Табуретка не сдвинулась с места. Он сел на нее и начал осматривать свои новые руки.
Руки были мощные. Одна ладонь закрыла бы обе лапки старого профессорского тела. Руки были грязные. Грязь, какой-то мазут въелись в кожу, под ногти. Ногти были толстые, на левой руке два ногтя росли неровно после какой-то травмы. Руки были сильно разрисованы. На пальцах имелись различные перстни, выбитые под кожу синей краской, в промежутке между большим и указательным пальцами на левой руке красовались решетка, проволока и надпись: "Не забуду мать родную", на правой в этом месте была искусно нарисованная фига.
От изучения эпистолярного наследия бандита Гоши профессора отвлек ржавый лязг.
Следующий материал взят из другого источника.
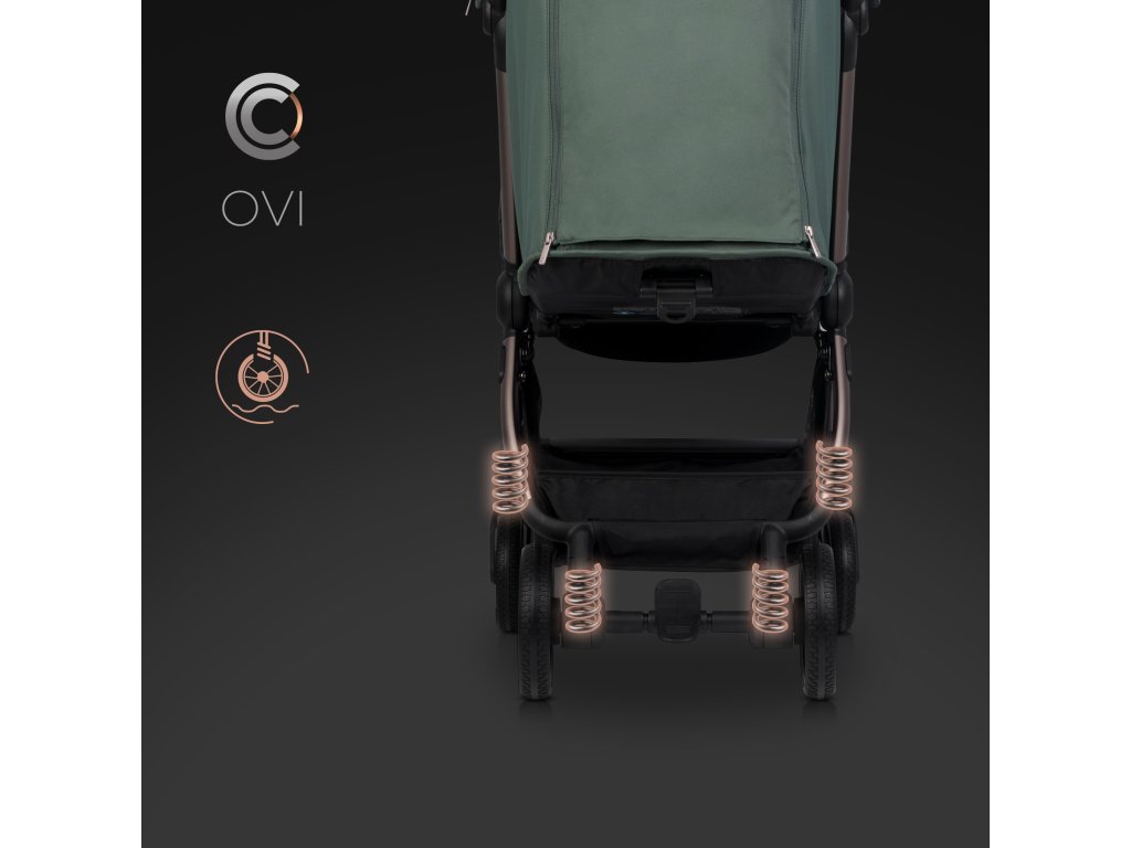 Navzdory nízké hmotnosti jen 8 kg a kompaktním rozměrem je kočárek OVI mimořádně pohodlný pro dítě i osobu, která jej vede. Komfort zajišťují gelová kola s celoročním běhounem a odpružení všech kol, které zmírňují otřesy při jízdě po nerovném povrchu.
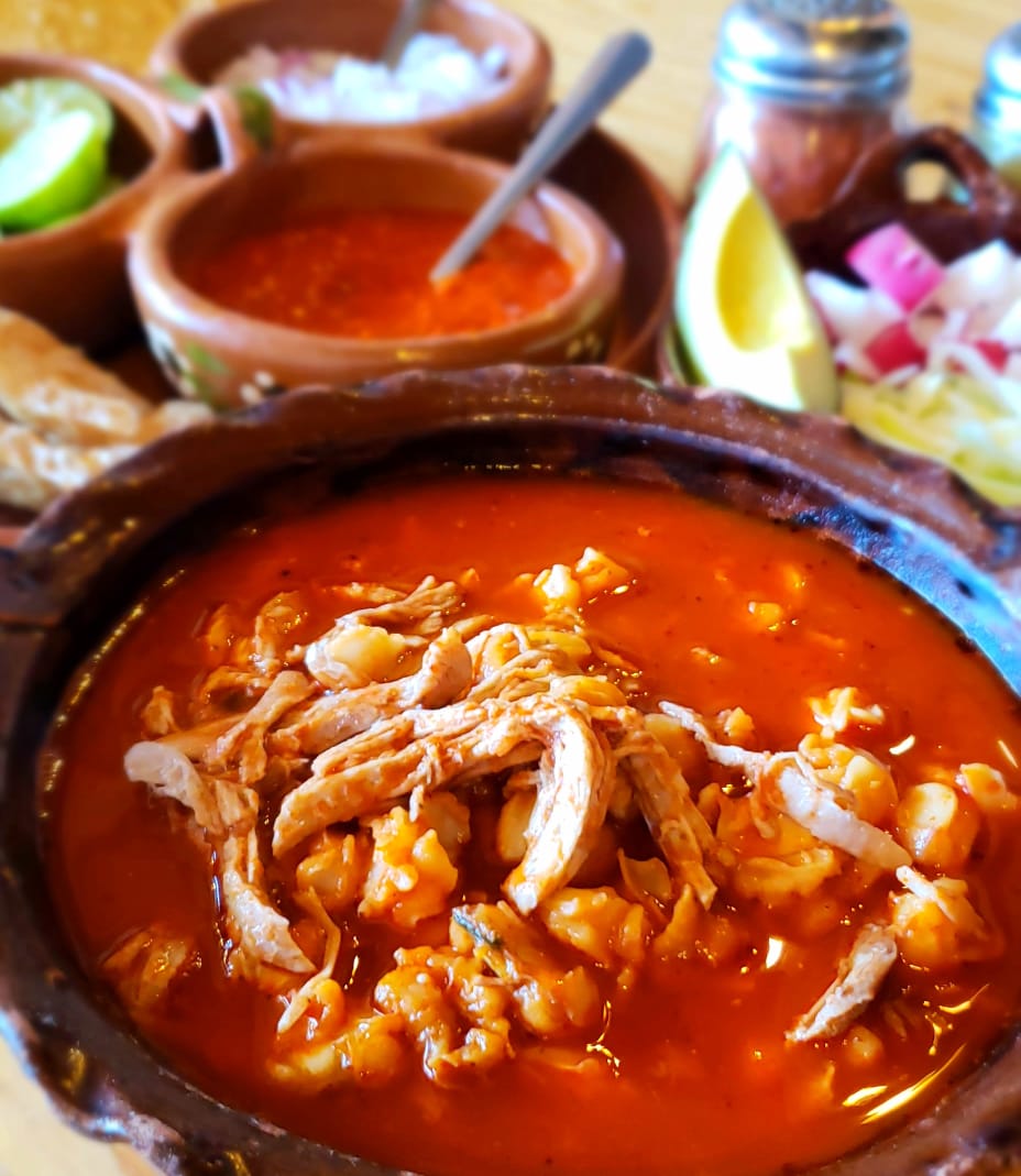Pozole rojo, con nuestra deliciosa receta. acompañado con tostadas, chicharrón, aguacate, cebolla, limón, verdura, chile y orégano.
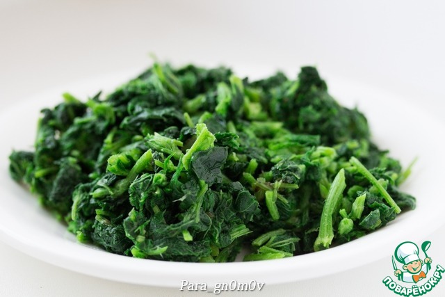 У крапивы оставить верхние листья. Если крапива молодая, то можно использовать и стебли. Крапиву промыть холодной водой. Вскипятить воду и бланшировать крапиву 1 минуту. Слить воду и быстро охладить крапиву в емкости с ледяной водой для сохранения цвета и нужной степени готовности. Получившуюся массу с силой отжать и порубить. Должно получиться около 1 большой горсти порубленной крапивы. Остальные ингредиенты даны из расчета на этот объем крапивной массы.
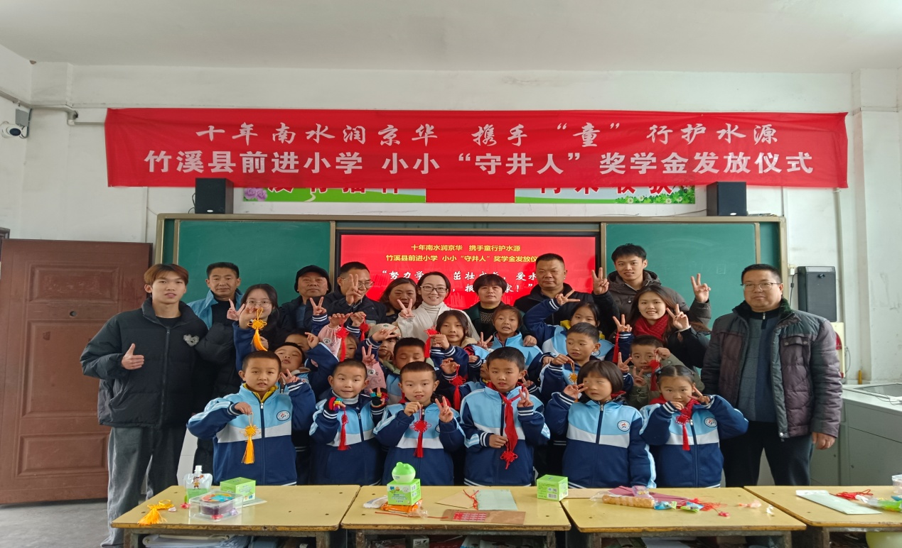 活动地点位于十堰市竹溪县水坪镇前进小学,由91c爆料免费思政课教师、原前进村驻村工作队队员徐一鑫与北京市“中国好人”李崇共同发起,他们自费向前进小学全体学生发放了总金额为3000元的小小“守井人”奖学金,以此表达对乡村教育事业的支持和对南水北调民生工程精神的纪念与传承。
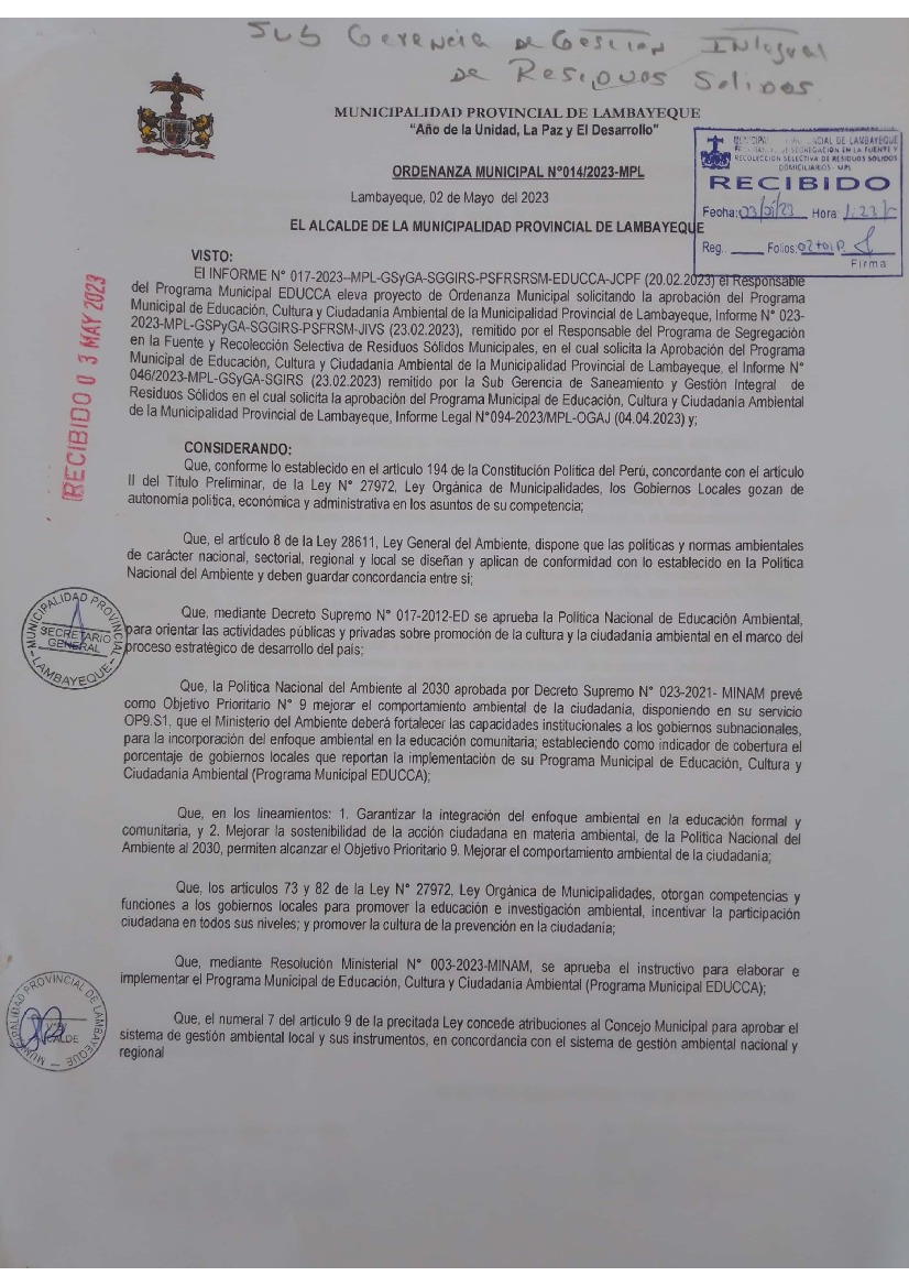 Programa Municipal de Educación, Cultura y Ciudadanía Ambiental de la Municipalidad Provincial de Lambayeque
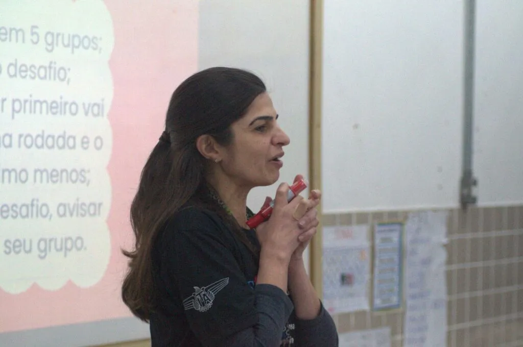 Flavia Fernandes Rubino, professora do Fundamental II da escola Áurea Cantinho Rodrigues (São José dos Campos), participou com o projeto Estação do Conhecimento. Ela leciona Matemática há oito anos.

Дверь отворилась и в комнату весело вошел бодрый мужичок, одетый несмотря на летнее время в телогрейку без воротника, шапку и вязаный свитер.
– Привет, земляк,- радостно кивнул он Дормидону Исааковичу, будто давно был с ним знаком,- давно тут паришься? А я прямо со
"Столыпина" – и в кандей. Конвой нажаловался, накатали, суки позорные, рапорт. Ты как, голяком квасишься? Не тужи, у меня заначка есть, сейчас чифирнем.
– Простите, – привстал профессор, – мы не представлены друг другу. Меня зовут Дормидон Исаакович, доктор экологических наук, профессор. Заведую кафедрой в Кенигсбергском университете, так сказать, наследник Канта…
Профессор чувствовал, что говорит не то, но не мог остановиться. его несло.
– Да-с, коллега, встреча наша, конечно, в месте несколько…
Ну-с, вы сами понимаете, что ситуация весьма экстравагантная, впрочем… Вы присаживайтесь, не затрудняйте себя…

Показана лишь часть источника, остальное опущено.